Sementara itu, Dr. Deby selaku pemeriksa dan penanggung jawab donor darah tersebut menuturkan, bahwa kegiatan ini diselenggarakan dengan adanya MoU kerjasama antara pihak kampus dengan Dinkes Sulsel.

“Sebelumnya memang ada MOU antara pihak kampus dengan Dinas kesehatan Sulsel dalam hal ini unit transfusi darah. Jadi sebelumnya ini rutin dilakukan tepat sebelum pandemi Covid-19, tetapi setelah pandemi agak jarang,” ujarnya.

Kepada para pendonor, sebelum dilakukan donor darah, pihak pemeriksa memberikan sosialisasi terlebih dahulu. Hal ini dilakukan agar orang-orang mengetahui, apakah dirinya layak menjadi pendonor darah atau tidak.

Beberapa hal yang sosialisasikan yakni, pendonor darah harus memiliki umur di atas 17 tahun, berat badan minimal 47 Kg. Selain itu, pendonor juga tidak boleh begadang dan tidak mempunyai riwayat penyakit yang menular.
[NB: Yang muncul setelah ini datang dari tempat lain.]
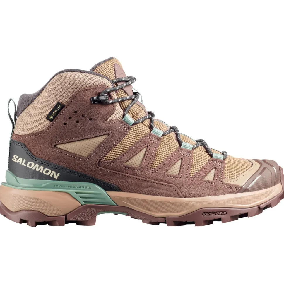 Der Wanderschuh Women’s X Ultra 360 Leather Mid GORE-TEX von Salomon ist griffig und stützend und eignet sich für längere Touren bei schwierigen Bedingungen.

Di akhir keterangannya, Dr. Deby juga menegaskan, tujuan utama diselenggarakannya donor darah adalah sebagai wujud kemanusiaan. Karena menurutnya, setiap hari banyak orang sakit yang membutuhkan berkantong-kantong darah untuk bisa sembuh dari penyakitnya.

“Tujuan dari dari donor darah adalah untuk kemanusiaan karena sebanyak apapun darah yang didonorkan akan habis setiap harinya. Hal ini dikarenakan banyak pasien yang membutuhkan. Kemudian tujuan lainnya adalah memberi manfaat untuk pendonor itu sendiri. Jadi manfaat bagi pendonor adalah untuk siklus darah yang dikeluarkan agar dibentuk kembali dengan darah yang lebih fresh,” tutupnya.

Sebagai informasi, kegiatan donor darah ini akan terus rutin diselenggarakan oleh Politeknik Kesehatan Megarezky dengan berkolaborasi bersama Dinkes Sulsel Unit Transfusi Darah. Tunggu Informasi Selanjutnya yaa!